Epilepsy as a Presentation of Autoimmune Diseases (A. Vincent, Oxford, United Kingdom)

  1. Top of page
  2. Summary
  3. Epilepsy as a Presentation of Autoimmune Diseases (A. Vincent, Oxford, United Kingdom)
  4. Encephalitis with NMDAR Antibodies (J. Honnorat, Lyon, France)
  5. Epilepsy and Antibodies to Glutamic Acid Decarboxylase (GAD) (M. Carreño, Barcelona, Spain)
  6. Autoantibodies in Unselected Series of Epilepsy Patients (B. Lang, Oxford, United Kingdom)
  7. Additional Contributors
  8. Disclosures
  9. References

There are a number of autoimmune disorders in which epilepsy may occur, often associated with antibodies directed to antigens on neuronal cell surfaces (Irani et al., 2010). Epilepsies resulting from conditions related to autoantibodies can be grouped into (1) disorders mainly localized to the temporal lobe, sometimes with more widespread involvement of the cortex (“limbic encephalitis” in the classical sense with subacute onset of severe memory impairment and mood disturbances in addition to the recurrent temporal lobe seizures, but also temporal lobe epilepsies with less prominent memory and behavioral problems) and (2) encephalopathies with diffuse involvement of the brain. Classical limbic encephalitis with temporal lobe seizures can be associated with onconeural antibodies directed to the intracellular proteins Hu, Ma1/2, amphiphysin, or CV2. In recent years, however, an increasing number of temporal lobe disorders, often with prominent temporal lobe seizures, have been associated with antibodies to molecules located on neuronal membranes. These molecules have extracellular domains to which the antibodies can bind. The most sensitive and specific method for measuring these antibodies is to demonstrate human immunoglobulin G (IgG) binding to the surface of cells that have been transfected with the complementary deoxyribonucleic acid (cDNAs) for the target molecule. In the following, these antibodies and their related phenotypes are discussed.
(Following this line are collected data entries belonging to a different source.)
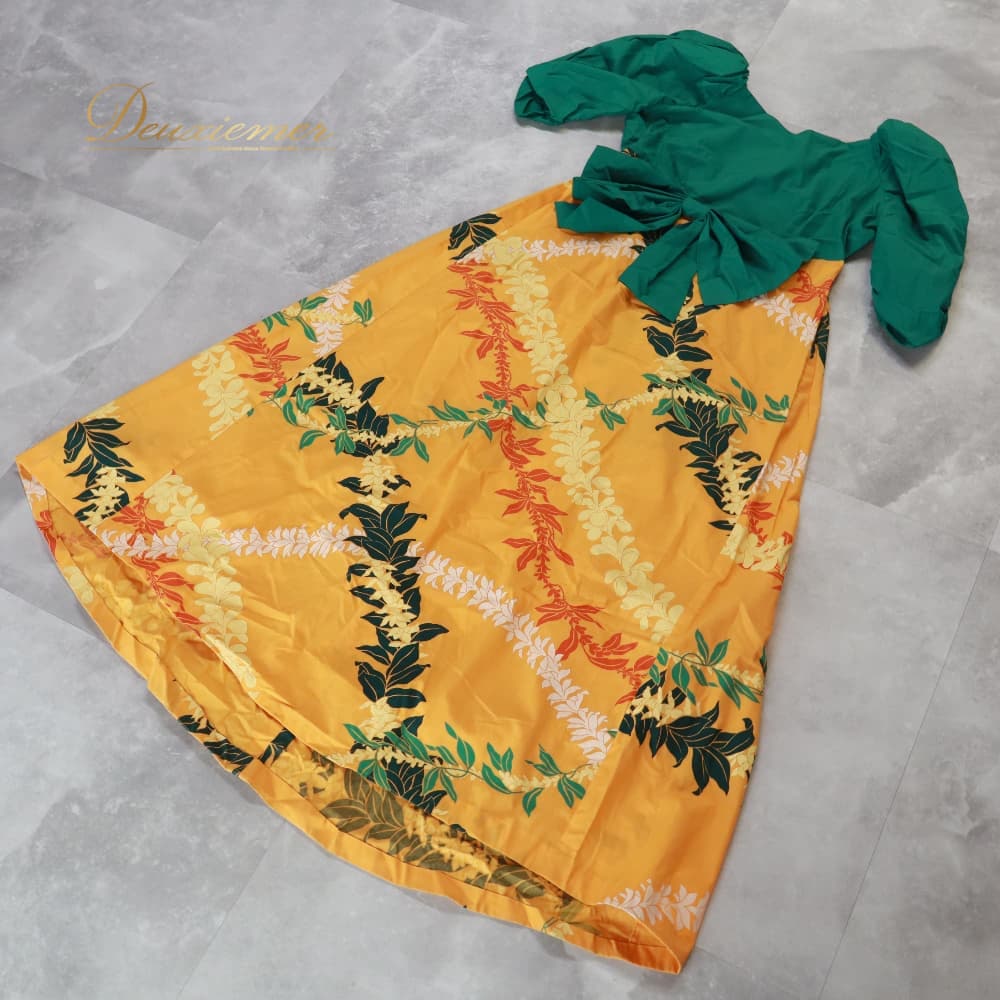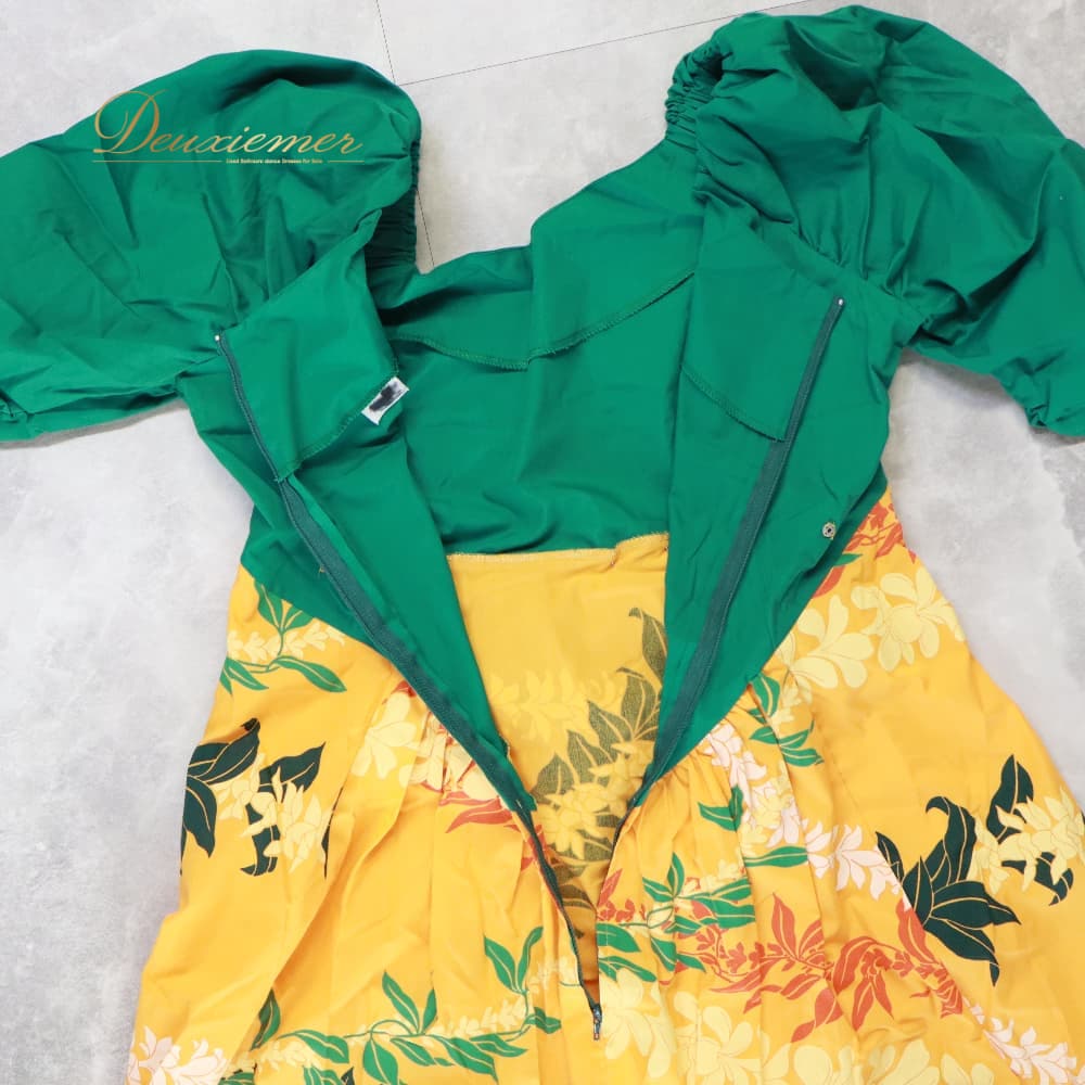 フラダンス 衣装 ワンピース ドレス グリーン系 オレンジ系 ハワイアンプリント 植物柄 花柄 フラワープリント リボン フレアスカート 緑 オレンジ 橙 華やか 鮮やか かわいい おしゃれ ホワイト系 イエロー系 レッスン着 レッスンウェア 練習着
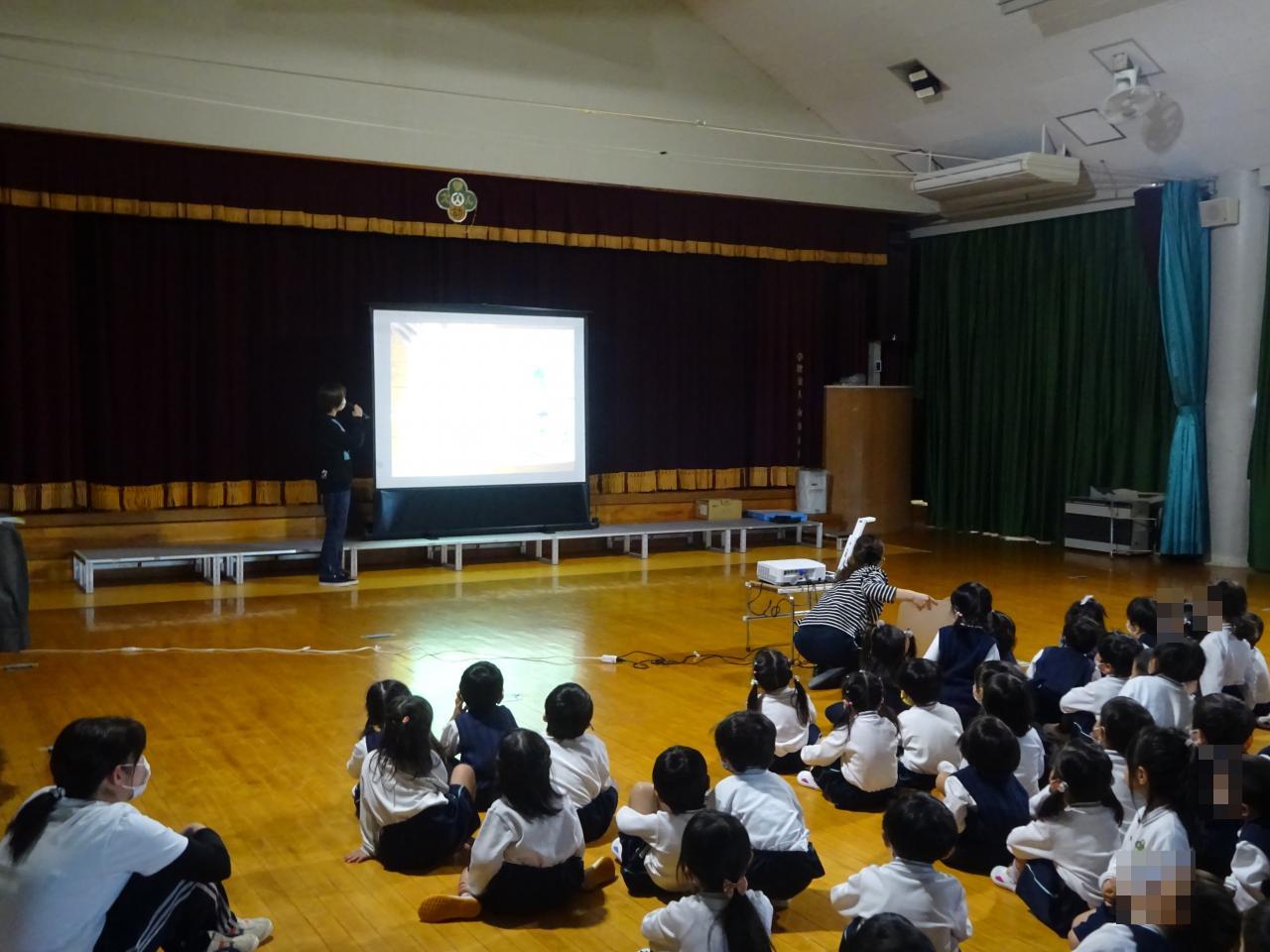 子どもたちはしっかりとお話を聞き、毎月の訓練が身に付いているようでした。
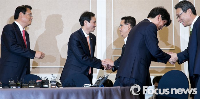 (서울=포커스뉴스) 11일 오후 서울 여의도 국회 귀빈식당에서 열린 3당 원내지도부 회동에 참석한 의원들이 인사하고 있다. 왼쪽부터 정진석 새누리당 원내대표, 우상호 더불어민주당 원내대표, 박지원 국민의당 원내대표, 박완주 더불어민주당 원내수석부대표, 김성식 국민의당 정책위의장.
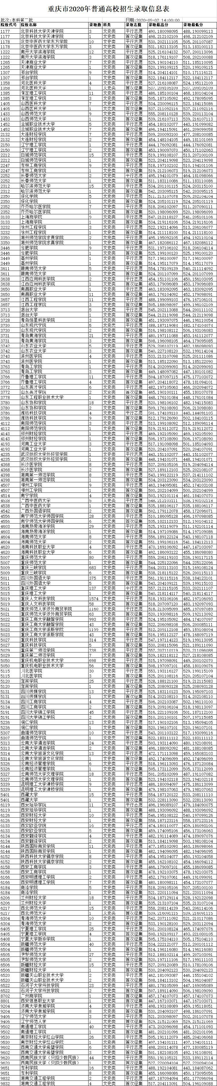 2020年高考二本录取信息:文史类:

Disorders affecting the temporal lobe (and sometimes more widespread cortical involvement)

Antibodies may be directed to the following targets: the voltage-gated potassium channel (VGKC) complex, the α-amino-3-hydroxy-5-methyl-4-isoxazolepropionic acid (AMPA) receptor, or the γ-aminobutyric acid (GABA)B receptor, and rarely to the N-methyl-d-aspartate (NMDA) receptor (Irani et al., 2010). The VGKC complex antibodies have been measured by immunoprecipitation of VGKC Kv1 subunits solubilized in detergent from rabbit brain tissue and radioactively labeled by 125I-dendrotoxin, a snake toxin that binds very strongly to Kv1.1, 1.2, and 1.6. A series of experiments has recently shown that the antibodies in patients with acquired neuromyotonia, limbic encephalitis, or the much rarer Morvan’s syndrome mostly do not, contrary to what had been believed, bind directly to Kv1 subunits but rather to other molecules that are closely complexed with the Kv1 in brain extracts. The most frequently associated molecules identified so far are LGI1 and CASPR2, with the great majority of the patients with limbic encephalitis and temporal lobe epilepsy having antibodies to LGI1 (Lai et al., 2010). Their typical disease onset is at older than 50 years of age, with male patients more frequently affected than female patients (3:2 ratio).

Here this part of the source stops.